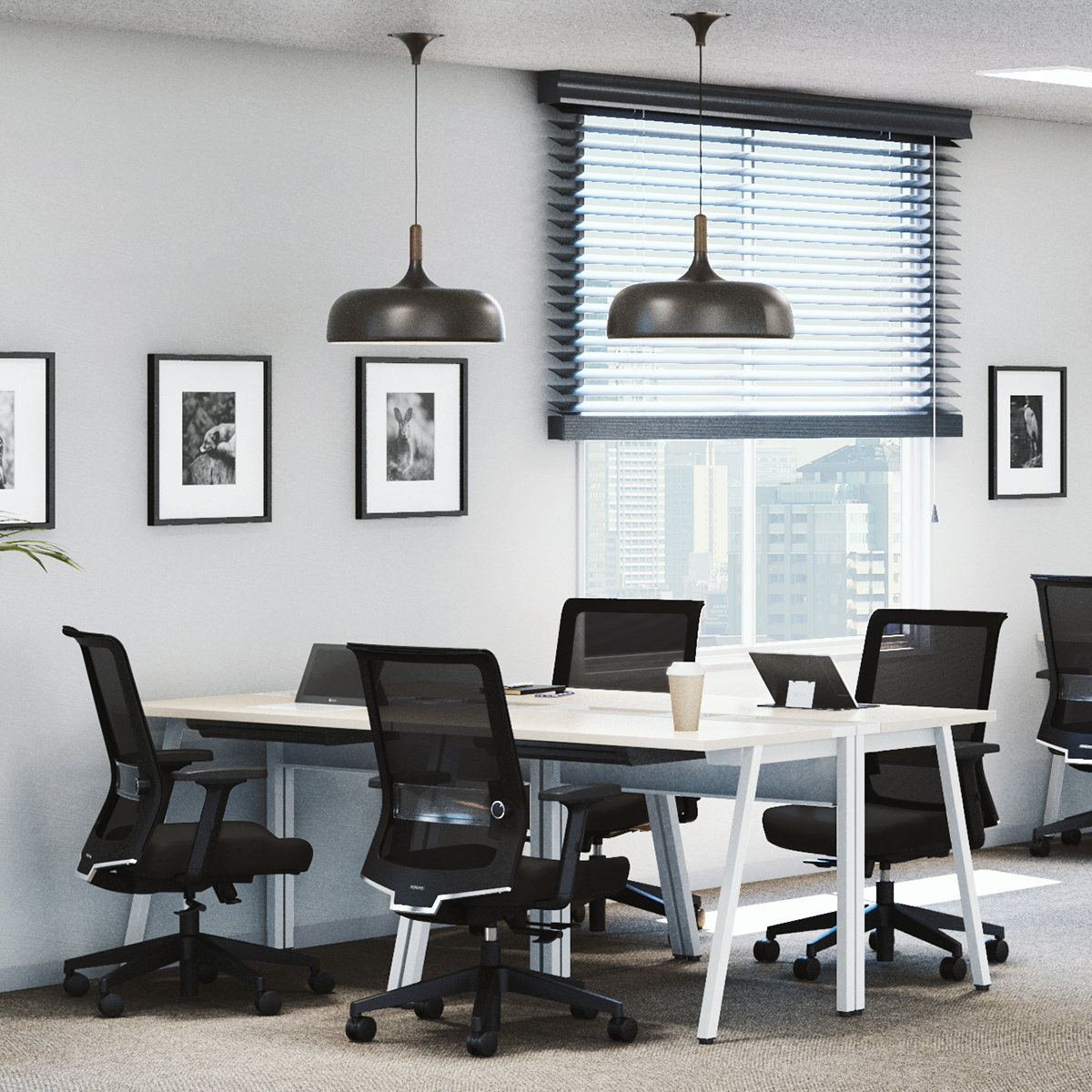 シンプルで主張しすぎないデザインは、既存のオフィス家具とも相性がよく、斜め脚が空間をよりスッキリとみせてくれます。
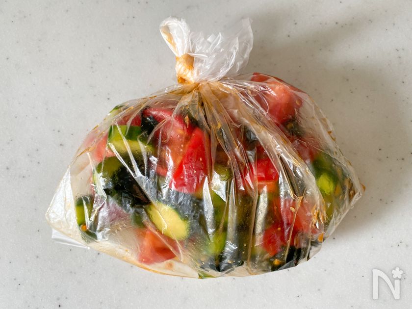 (2) ポリ袋に1を入れ、乾燥わかめ、【A】を加えて袋の口を閉じ、調味料が行き渡るまでやさしく揉む。冷蔵庫に20分ほど置き、途中で向きを変える。器に盛り付け、お好みでごまをふる。
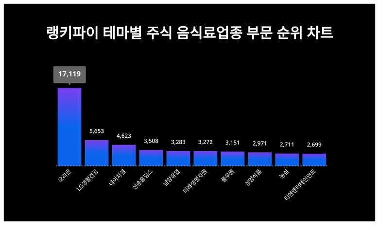 또 11위 HK이노엔 주가, 12위 우듬지팜 주가, 13위 오뚜기 주가, 14위 대상 주가, 15위 매일유업 주가, 16위 하이트진로 주가, 17위 CJ제일제당 주가, 18위 대한제당 주가, 19위 샘표식품 주가, 20위는 디딤이앤에프 주가로 나타났다.
★ ★ ★
Without any pictures, transcribe the listing above exactly as written.

 シンプルで主張しすぎないデザインは、既存のオフィス家具とも相性がよく、斜め脚が空間をよりスッキリとみせてくれます。
 (2) ポリ袋に1を入れ、乾燥わかめ、【A】を加えて袋の口を閉じ、調味料が行き渡るまでやさしく揉む。冷蔵庫に20分ほど置き、途中で向きを変える。器に盛り付け、お好みでごまをふる。
 또 11위 HK이노엔 주가, 12위 우듬지팜 주가, 13위 오뚜기 주가, 14위 대상 주가, 15위 매일유업 주가, 16위 하이트진로 주가, 17위 CJ제일제당 주가, 18위 대한제당 주가, 19위 샘표식품 주가, 20위는 디딤이앤에프 주가로 나타났다.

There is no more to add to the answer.